ASSIGNMENT:
Could you write out the listing below exactly as it stands, leaving out the pictures?

DATA PROVIDED:
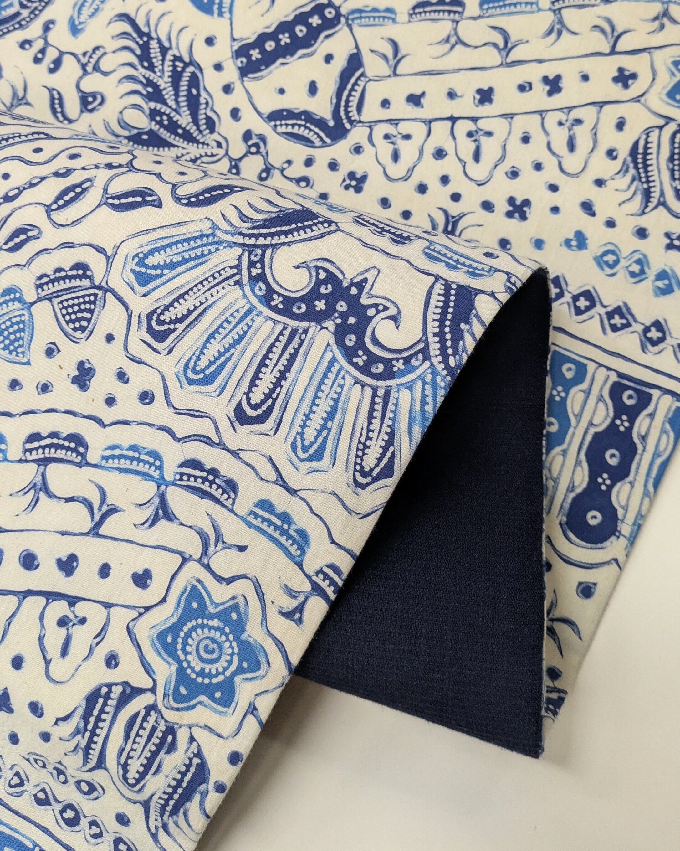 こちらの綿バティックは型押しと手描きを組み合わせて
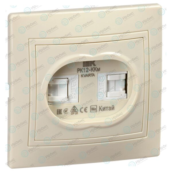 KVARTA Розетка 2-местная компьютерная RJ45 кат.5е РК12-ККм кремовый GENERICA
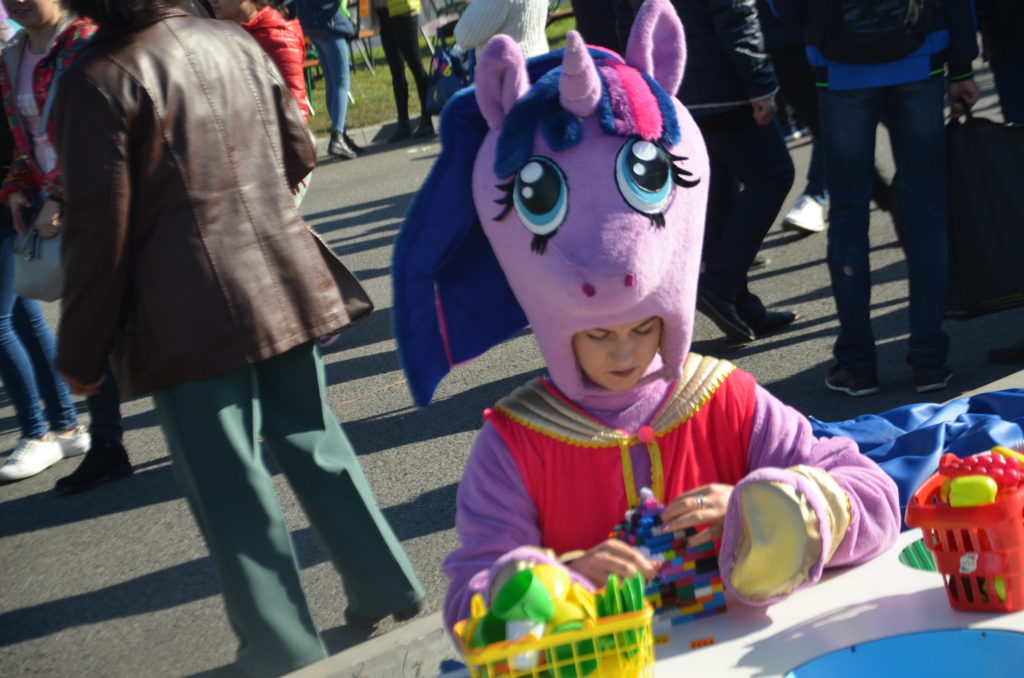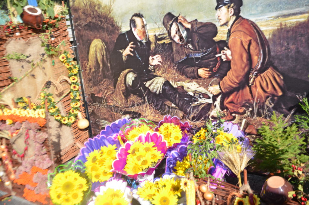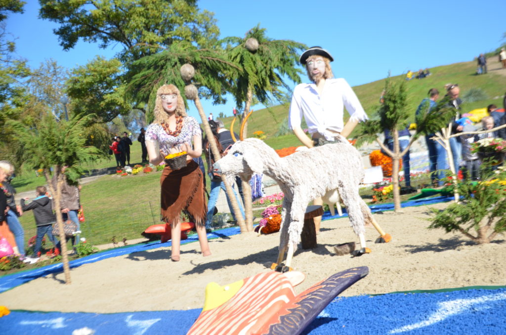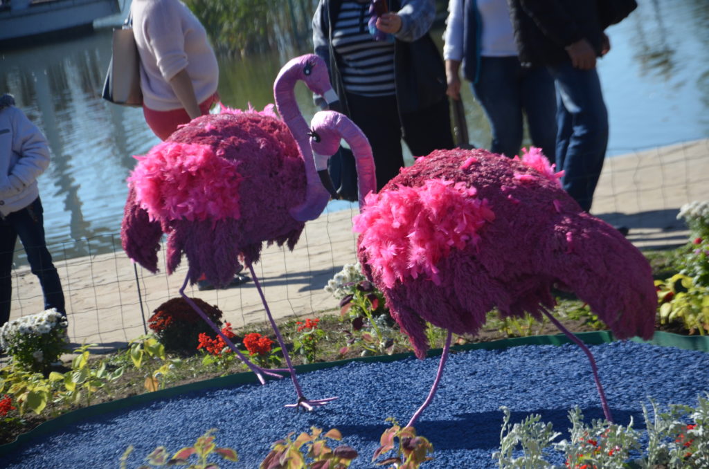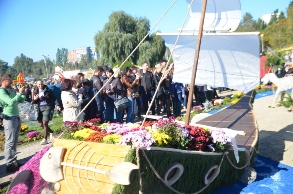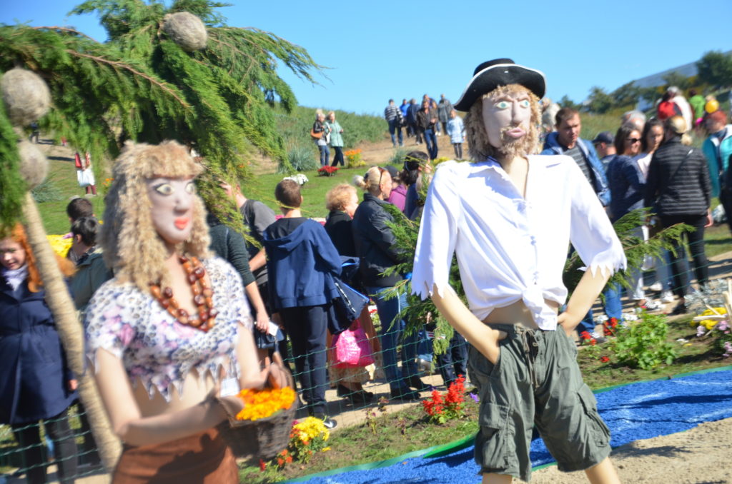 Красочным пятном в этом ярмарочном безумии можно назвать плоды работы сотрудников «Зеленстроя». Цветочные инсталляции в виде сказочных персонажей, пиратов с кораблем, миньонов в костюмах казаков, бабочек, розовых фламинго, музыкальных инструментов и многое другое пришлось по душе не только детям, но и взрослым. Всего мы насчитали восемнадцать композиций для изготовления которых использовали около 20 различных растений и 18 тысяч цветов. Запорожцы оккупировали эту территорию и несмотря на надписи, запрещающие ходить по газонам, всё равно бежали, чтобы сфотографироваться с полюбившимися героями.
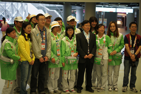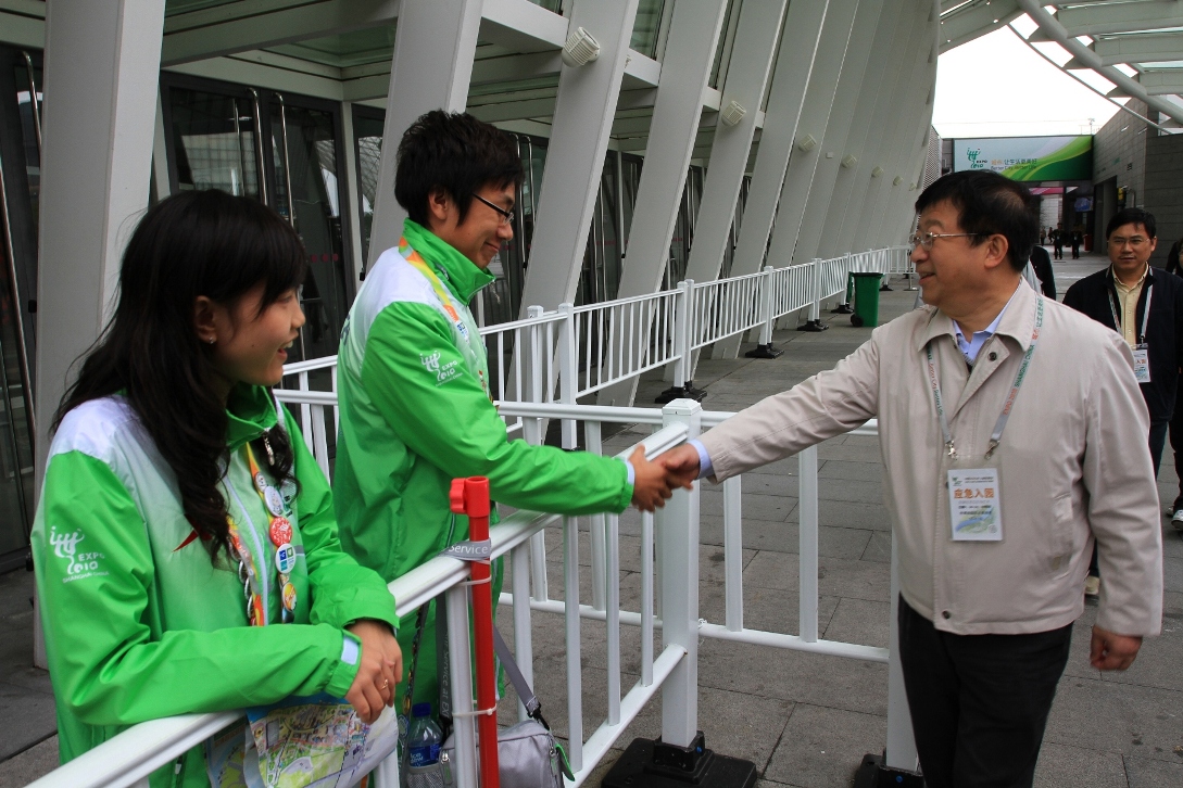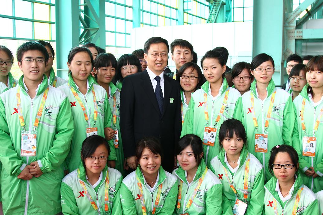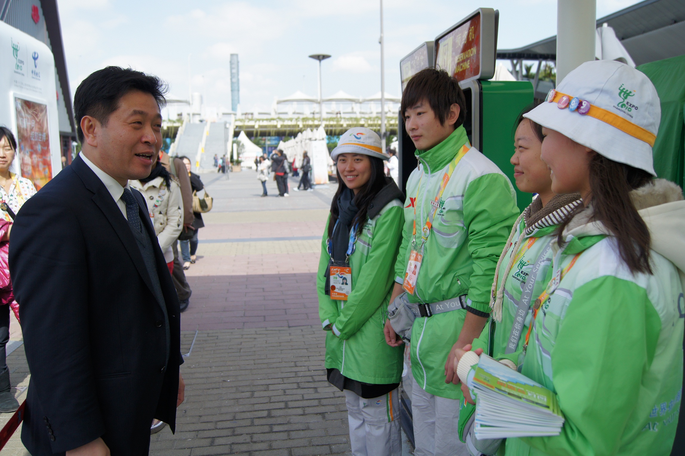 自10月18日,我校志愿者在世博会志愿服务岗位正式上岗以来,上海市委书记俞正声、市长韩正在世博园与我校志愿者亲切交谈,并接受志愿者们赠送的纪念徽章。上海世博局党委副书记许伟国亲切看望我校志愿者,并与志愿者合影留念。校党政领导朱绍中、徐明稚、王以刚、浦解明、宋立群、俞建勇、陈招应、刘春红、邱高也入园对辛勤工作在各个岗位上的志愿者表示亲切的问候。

RESULT:
 こちらの綿バティックは型押しと手描きを組み合わせて
 KVARTA Розетка 2-местная компьютерная RJ45 кат.5е РК12-ККм кремовый GENERICA
 Красочным пятном в этом ярмарочном безумии можно назвать плоды работы сотрудников «Зеленстроя». Цветочные инсталляции в виде сказочных персонажей, пиратов с кораблем, миньонов в костюмах казаков, бабочек, розовых фламинго, музыкальных инструментов и многое другое пришлось по душе не только детям, но и взрослым. Всего мы насчитали восемнадцать композиций для изготовления которых использовали около 20 различных растений и 18 тысяч цветов. Запорожцы оккупировали эту территорию и несмотря на надписи, запрещающие ходить по газонам, всё равно бежали, чтобы сфотографироваться с полюбившимися героями.
 自10月18日,我校志愿者在世博会志愿服务岗位正式上岗以来,上海市委书记俞正声、市长韩正在世博园与我校志愿者亲切交谈,并接受志愿者们赠送的纪念徽章。上海世博局党委副书记许伟国亲切看望我校志愿者,并与志愿者合影留念。校党政领导朱绍中、徐明稚、王以刚、浦解明、宋立群、俞建勇、陈招应、刘春红、邱高也入园对辛勤工作在各个岗位上的志愿者表示亲切的问候。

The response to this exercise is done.